环境的搭建是运维给搞好的,Hadoop是2.6.0版本,这里需要注意的是,相关端口需要运维提前给好相关权限,我用了半天时间找一个问题,最后发现是一个端口没有权限造成的,白白浪费了时间。
配置
pom文件
内容没有给全,主要贴出了hbase需要的,其他的根据个人需要而添加
<properties>
<spring.version>4.1.6.RELEASE</spring.version>
<spring.hadoop.version>2.4.0.RELEASE</spring.hadoop.version>
<hadoop.version>2.6.0</hadoop.version>
<hbase.version>1.3.1</hbase.version>
</properties>
<dependency>
<groupId>org.springframework</groupId>
<artifactId>spring-tx</artifactId>
<version>${spring.version}</version>
</dependency>
<dependency>
<groupId>org.springframework.data</groupId>
<artifactId>spring-data-hadoop</artifactId>
<version>${spring.hadoop.version}</version>
<exclusions>
<exclusion>
<groupId>org.springframework</groupId>
<artifactId>spring-context-support</artifactId>
</exclusion>
<exclusion>
<groupId>org.slf4j</groupId>
<artifactId>slf4j-log4j12</artifactId>
</exclusion>
</exclusions>
</dependency>
<!-- hbase -->
<dependency>
<groupId>com.yammer.metrics</groupId>
<artifactId>metrics-core</artifactId>
<version>2.2.0</version>
</dependency>
<dependency>
<groupId>org.apache.hadoop</groupId>
<artifactId>hadoop-common</artifactId>
<version>${hadoop.version}</version>
<scope>compile</scope>
</dependency>
<dependency>
<groupId>org.apache.hbase</groupId>
<artifactId>hbase-client</artifactId>
<version>${hbase.version}</version>
<scope>compile</scope>
<exclusions>
<exclusion>
<groupId>log4j</groupId>
<artifactId>log4j</artifactId>
</exclusion>
<exclusion>
<groupId>org.slf4j</groupId>
<artifactId>slf4j-log4j12</artifactId>
</exclusion>
</exclusions>
</dependency>
web.xml
<?xml version="1.0" encoding="UTF-8"?>
<web-app version="3.0"
xmlns="http://java.sun.com/xml/ns/javaee"

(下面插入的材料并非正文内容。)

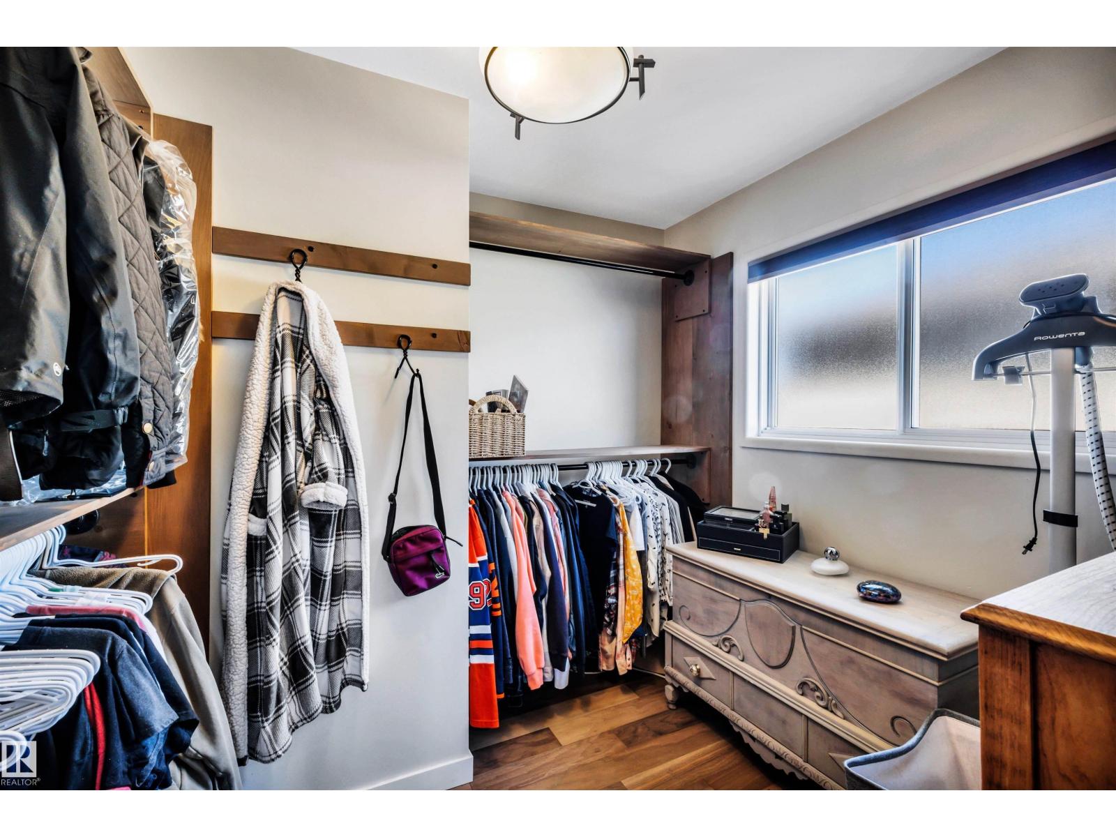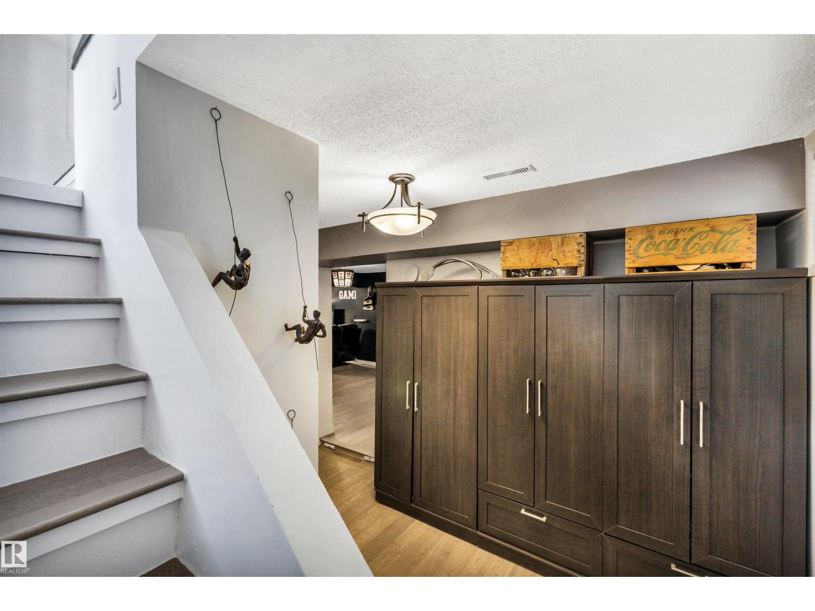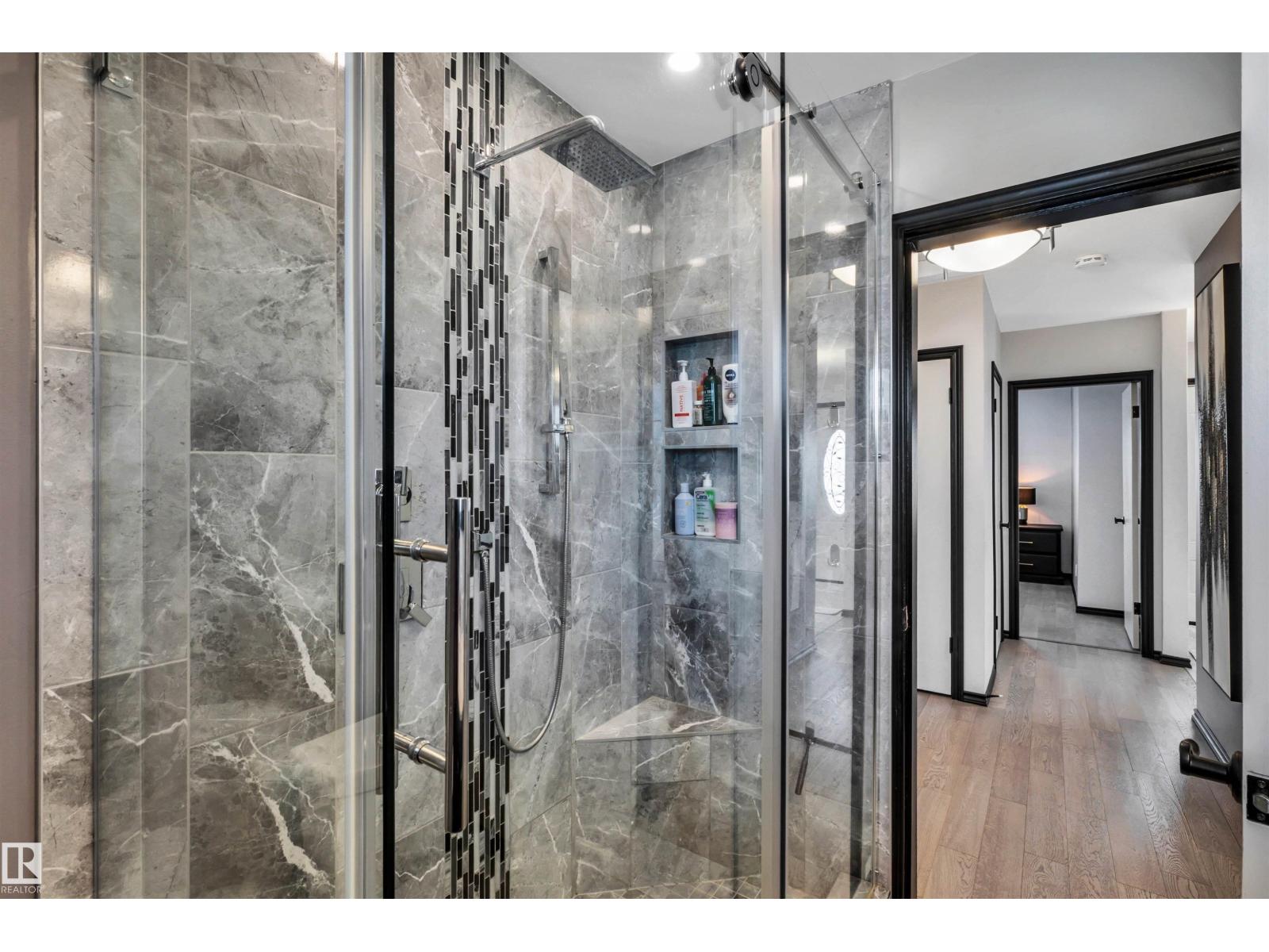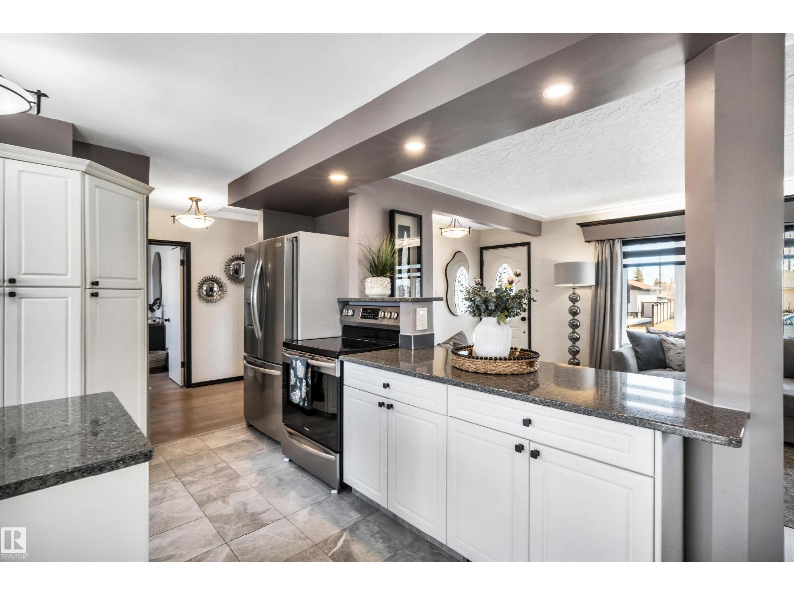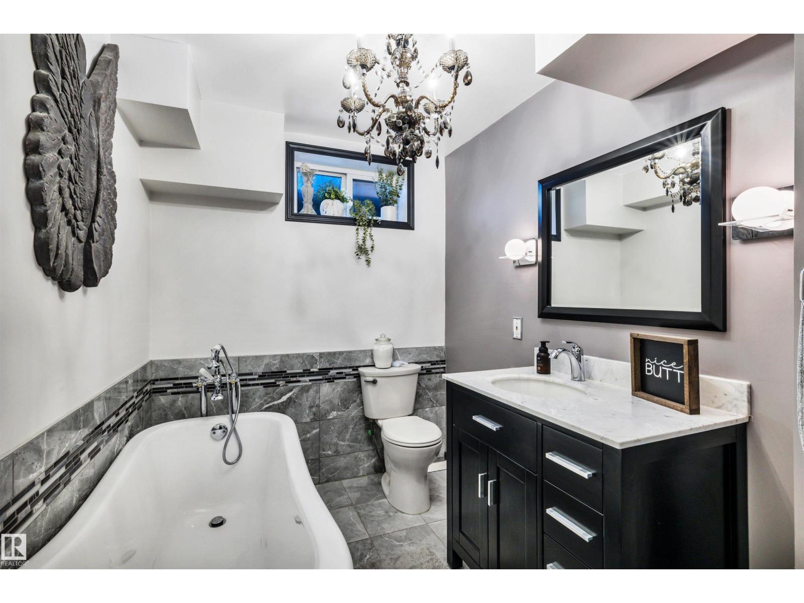 Welcome to this beautiful turn-key bungalow in Rosslyn, featuring 4 bedrooms & 2 full bathrooms. The main floor offers a modern open-concept layout w/engineered hardwood floors, spacious living room w/large newly installed picture window & generous dining area. The kitchen boasts ample cabinetry, stainless steel appliances & quartz countertops. The oversized primary bedroom includes a stunning custom walk-in closet w/organizers. The main bath features a sleek glass shower, marble counter & heated floors. The fully finished basement offers engineered hardwood, a large rec room, two additional bedrooms, & a spa-like bath with a classic clawfoot tub & heated floors. Enjoy the sunny west-facing backyard w/large deck (installed last summer), gas BBQ hookup & double detached garage. Upgrades include reinsulated attic w/added vents (2025), repainted fence, permanent exterior roofline lighting, newer shingles, gutter guards, vinyl windows, flooring, custom blinds & sewer line (2018). Quiet street w/ample parking. (id:63190)
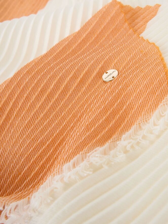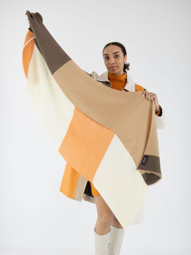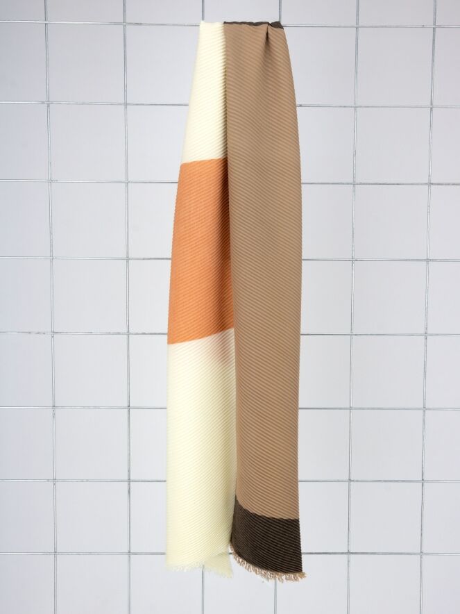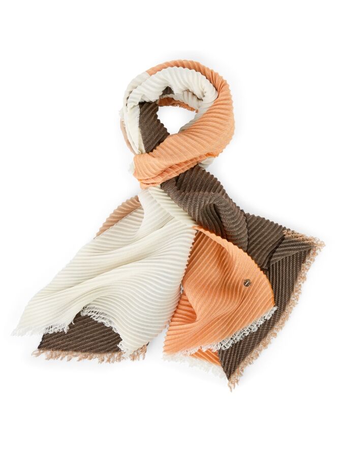 Een geribbelde shawl van Marc Cain met meerdere kleurvlakken in verschillende tinten bruin. De uiteinden van de shawl zijn fijn gerafeld. Deze shawl dient met de hand te worden gewassen.
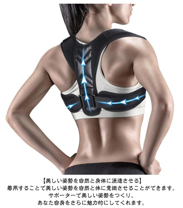 | 美しい姿勢サポート 高粘着マジックテープ 自由に調節可能 背筋サポート 手軽につけられる、人体工学に基づいた設計の背筋サポーターです。 着用時に美しい姿勢を保ちます。猫背の補正、姿勢の補正に。 ☆ 着用時に美しい姿勢を保つ背筋サポーターです。 ☆ 猫背を補正することで、さまざまなケアが期待できます。 ☆通気性とクッション性に優れた素材を使用しており、蒸れにくくフィット感も抜群です。毎日気軽に着用して頂けます。 ☆マジックテープで調整可能で、体型や好みの諦め加減に合わせて自由に調整していただけます。 ☆たすき掛け効果で肩甲骨を引き寄せ、自然に背筋がピンと伸びた正しい姿勢へ導きます。 【美しい姿勢を自然と身体に浸透させる】 着用することで美しい姿勢を自然と体に意識させることができます。サポーターで美しい姿勢をつくり、あなた自身をさらに魅力的にしてくれます。 【自宅で読書や映画鑑賞をしながら】 「ながら」補正で、じっくりと猫背姿勢をケアしていきましょう。 最初は短い時間から始めていただき、体が慣れてきたら、少しずつ装着時間を伸ばしていきましょう。 丸まった方が開き、肩甲骨が引き寄せられストレッチしている感覚がとても気持ち良くなります。 猫背を補正する事で、あらゆる面のケアが期待できます。 【男女兼用・長さ調整可能】 様々な体型の型に使って頂けるよう、マジックテープで長さの調整が可能。男女兼用でご使用いただけます。 また、クッション性と通気性の良いメッシュ生地を採用しており、ムレにくくオールシーズン着用して頂けます。 | |
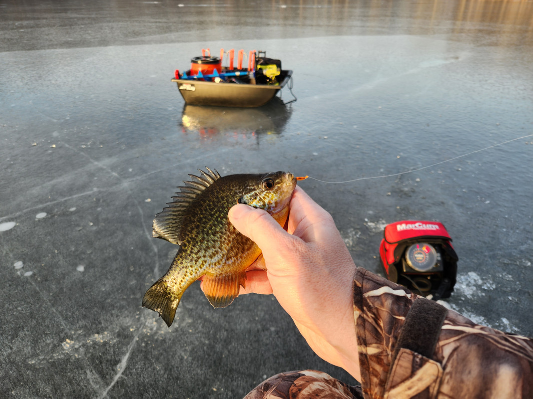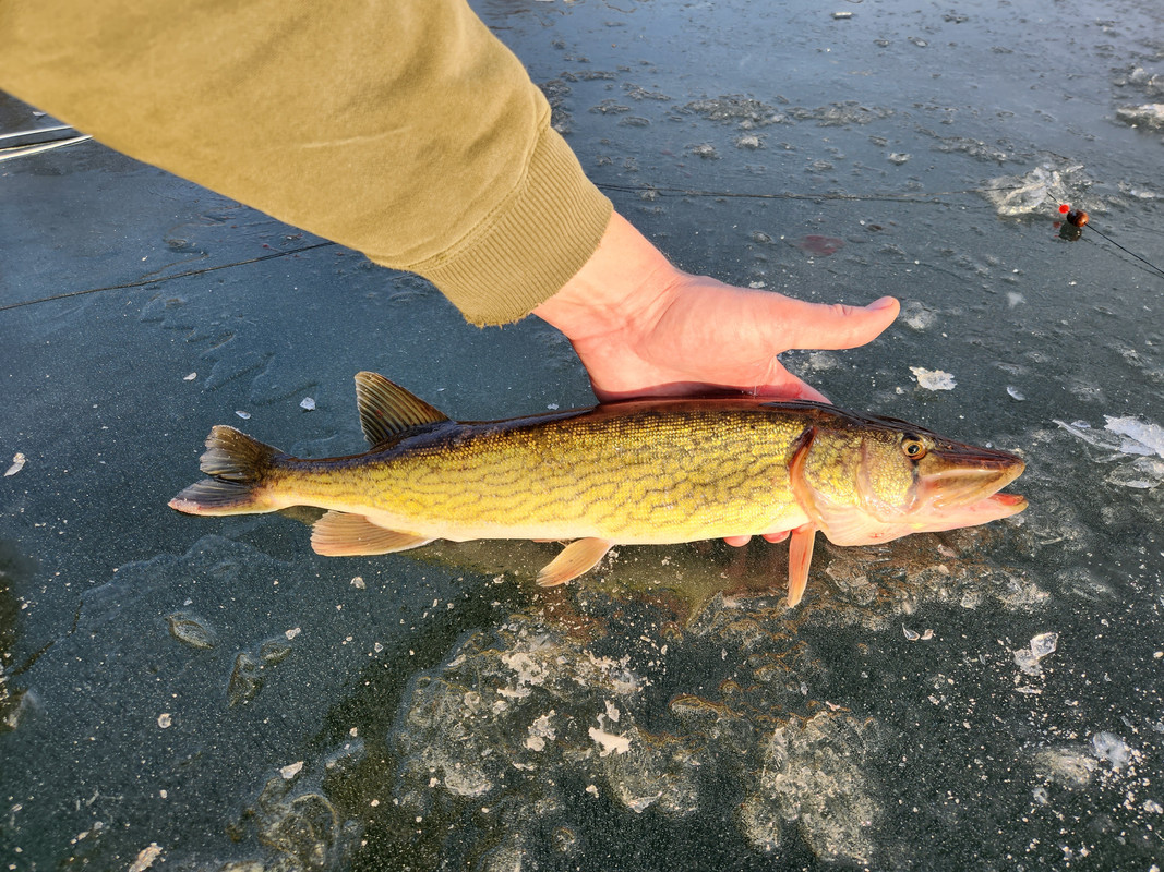we set a spread of tip ups and by dawn it was flag city. we were trying to jig too but ended up mostly just running around servicing the tip ups for a while. several times had multiple flags going at once as fish moved through, real busy early morning. plenty of chains, a couple nice ones over 20". whole lot of flags where you'd see a fast run on the spool but then they'd drop it. after a couple hours things slowed down and jigged a bunch of the little panfish that keep the pickerel fat and happy. couple nice perch mixed in but they got a pass that day. jigged up a some nice trout during the day too, great fun on an ice rod with a 500 class reel... we figured these were probably the fast hit & runs on the tip ups. headed off the ice around 2 with only a few shiners left, great day. ![]() ![]() ![]() ![]() ![]() ![]() ![]() since the edges were getting soft and thin by thursday afternoon i'm sure things are pretty well shot by now, and the forecast is looking just awful. hopefully things turn around and we get more of a season later in january. wear your picks, bring a buddy if you can, and be safe out there fellow hardwater nuts! happy new year everybody! 🥳
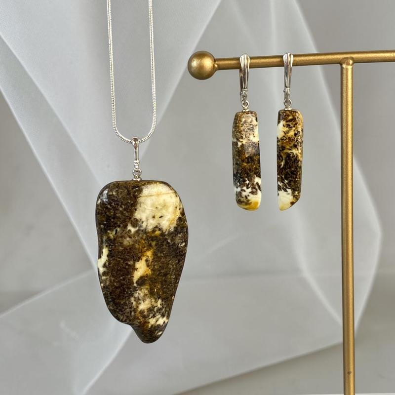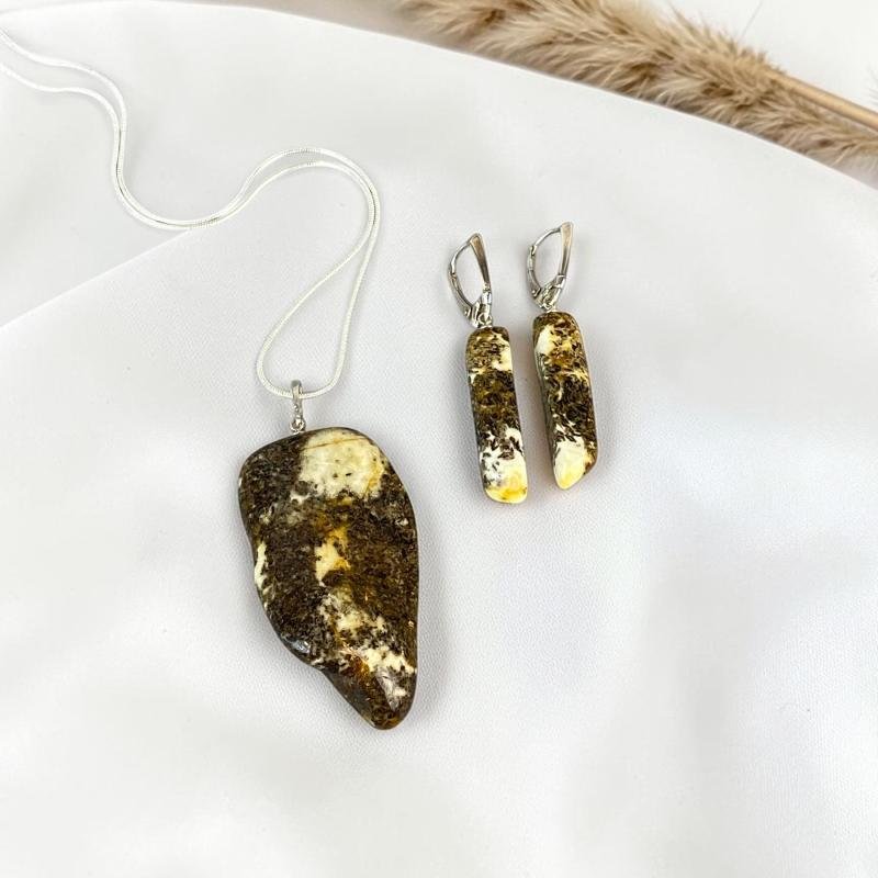 Prabangus ir stilingas margo blizgaus gintaro rinkinys. Šis gintarinis rinkinys išskirtinai sukurti stilingai ir madingai moteriai.
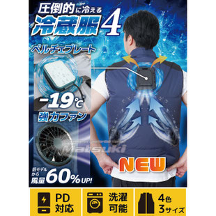 背中の冷却ファンによって熱気を効率良く体の外に排出。

xmlns:xsi="http://www.w3.org/2001/XMLSchema-instance"
xsi:schemaLocation="http://java.sun.com/xml/ns/javaee
http://java.sun.com/xml/ns/javaee/web-app_3_0.xsd">
<display-name>${maven.project.name}</display-name>
<listener>
<listener-class>org.springframework.web.util.IntrospectorCleanupListener</listener-class>
</listener>
<!-- ========================================================= -->
<!-- Spring配置 -->
<!-- ========================================================= -->
<listener>
<description>spring监听器</description>
<listener-class>org.springframework.web.context.ContextLoaderListener</listener-class>
</listener>
<context-param>
<param-name>contextConfigLocation</param-name>
<param-value>classpath*:/spring/*.xml</param-value>
</context-param>
<!-- ========================================== -->
<!-- 字符集过滤器,对request和response中的字符编码 -->
<!-- ========================================== -->
<filter>
<description>字符集过滤器</description>
<filter-name>characterEncodingFilter</filter-name>
<filter-class>org.springframework.web.filter.CharacterEncodingFilter</filter-class>
<init-param>
<description>字符集编码</description>
<param-name>encoding</param-name>
<param-value>UTF-8</param-value>
</init-param>
<init-param>
<param-name>forceEncoding</param-name>
<param-value>true</param-value>
</init-param>
</filter>
<filter-mapping>
<filter-name>characterEncodingFilter</filter-name>
<url-pattern>/*</url-pattern>
</filter-mapping>
<!-- ====================== -->
<!-- SpringMVC配置 -->
<!-- ====================== -->
<servlet>
<servlet-name>springmvc</servlet-name>
<servlet-class>org.springframework.web.servlet.DispatcherServlet</servlet-class>
<init-param>
<description>spring mvc 配置文件</description>
<param-name>contextConfigLocation</param-name>
<param-value>classpath*:/servlet-context.xml</param-value>
</init-param>
<load-on-startup>1</load-on-startup>
</servlet>
<servlet-mapping>
<servlet-name>springmvc</servlet-name>
<url-pattern>/</url-pattern>
</servlet-mapping>
<welcome-file-list>
<welcome-file>/index.jsp</welcome-file>
</welcome-file-list>
</web-app>
servlet-context.xml
<?xml version="1.0" encoding="UTF-8"?>
<beans xmlns="http://www.springframework.org/schema/beans"
xmlns:xsi="http://www.w3.org/2001/XMLSchema-instance"
xmlns:context="http://www.springframework.org/schema/context"
xmlns:aop="http://www.springframework.org/schema/aop"
xmlns:mvc="http://www.springframework.org/schema/mvc"
xmlns:tx="http://www.springframework.org/schema/tx"
xmlns:p="http://www.springframework.org/schema/p"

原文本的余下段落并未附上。